Could you write out, exactly, every line from the top of the data through the line holding "Marjolein Bastin kalenteripostikortti, jossa"? Omit the pictures.

• [Provided records]
=== Section Start ===

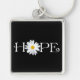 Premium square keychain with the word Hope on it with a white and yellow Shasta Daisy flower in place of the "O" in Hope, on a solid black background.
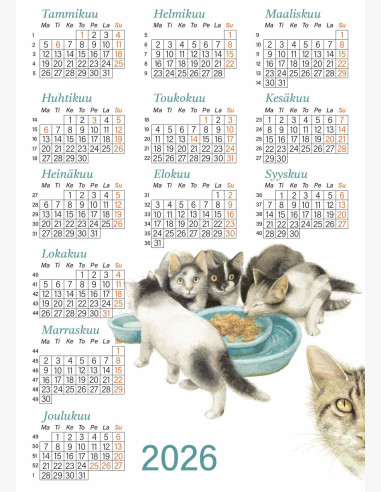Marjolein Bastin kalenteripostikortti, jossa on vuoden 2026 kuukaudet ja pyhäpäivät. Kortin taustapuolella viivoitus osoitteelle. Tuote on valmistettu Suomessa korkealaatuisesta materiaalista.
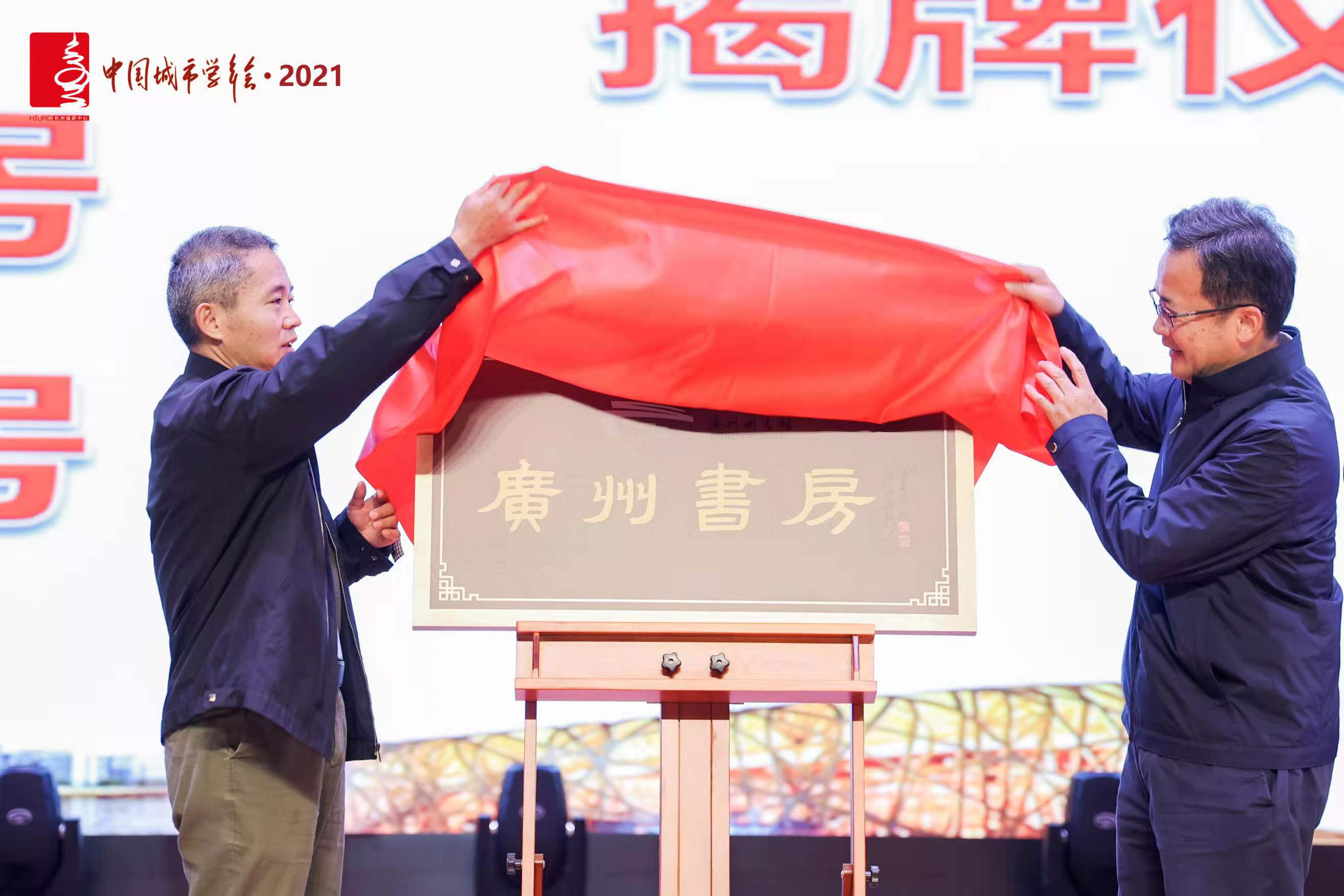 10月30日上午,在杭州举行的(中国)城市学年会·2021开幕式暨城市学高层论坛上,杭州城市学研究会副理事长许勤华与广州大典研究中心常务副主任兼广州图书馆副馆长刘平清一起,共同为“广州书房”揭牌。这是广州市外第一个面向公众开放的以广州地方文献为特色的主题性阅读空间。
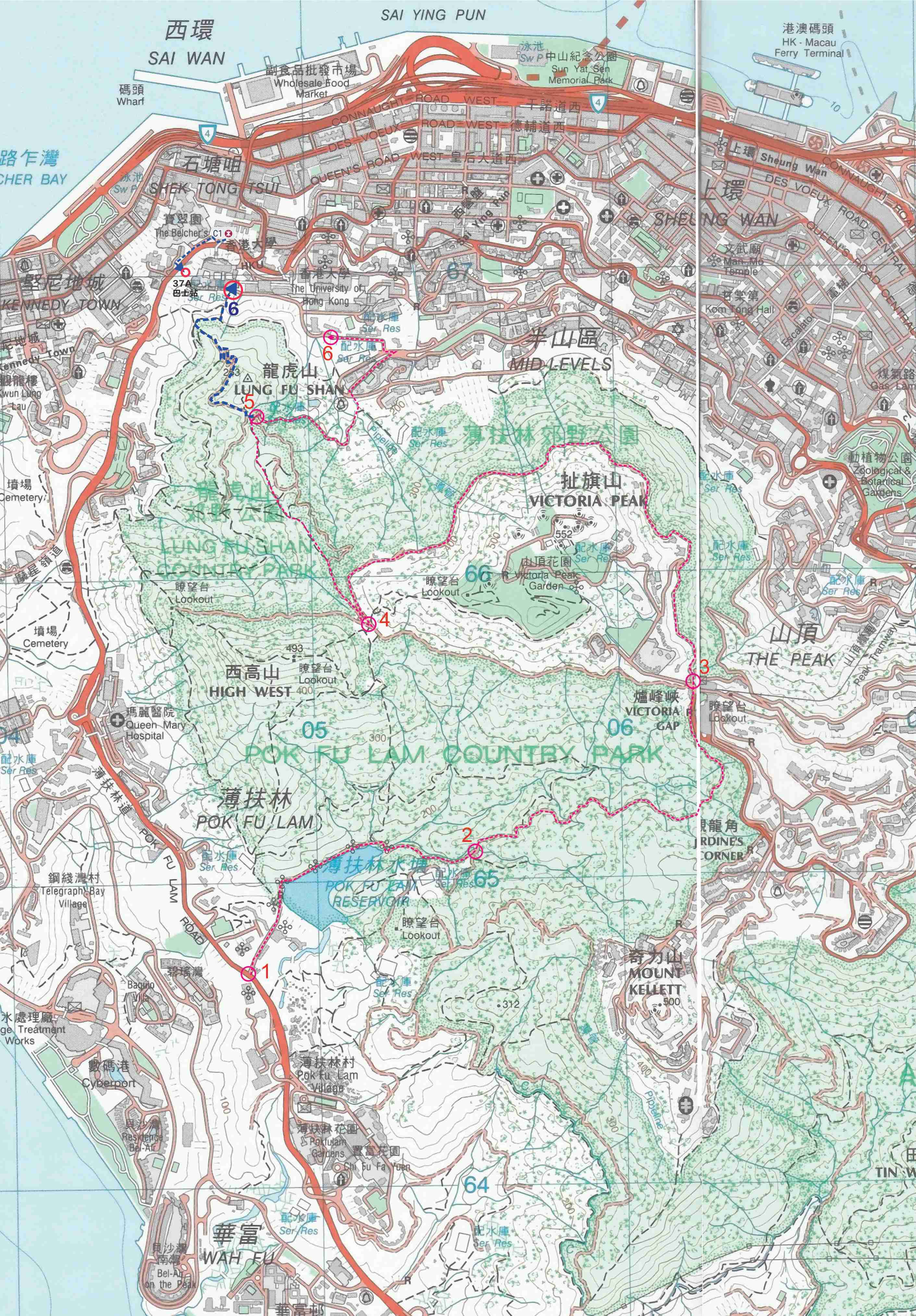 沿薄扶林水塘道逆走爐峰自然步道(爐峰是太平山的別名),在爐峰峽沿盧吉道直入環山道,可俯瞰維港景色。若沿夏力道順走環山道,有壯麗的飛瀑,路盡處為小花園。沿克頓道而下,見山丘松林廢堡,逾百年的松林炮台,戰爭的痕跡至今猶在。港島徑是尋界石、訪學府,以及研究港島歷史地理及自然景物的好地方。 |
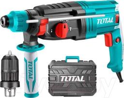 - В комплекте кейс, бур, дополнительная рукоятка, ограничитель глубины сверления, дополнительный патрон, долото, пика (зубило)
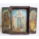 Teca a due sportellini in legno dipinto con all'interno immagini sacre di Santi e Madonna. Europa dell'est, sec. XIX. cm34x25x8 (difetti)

=== Section End ===

• [Exercise output]
 Premium square keychain with the word Hope on it with a white and yellow Shasta Daisy flower in place of the "O" in Hope, on a solid black background.
Marjolein Bastin kalenteripostikortti, jossa on vuoden 2026 kuukaudet ja pyhäpäivät. Kortin taustapuolella viivoitus osoitteelle. Tuote on valmistettu Suomessa korkealaatuisesta materiaalista.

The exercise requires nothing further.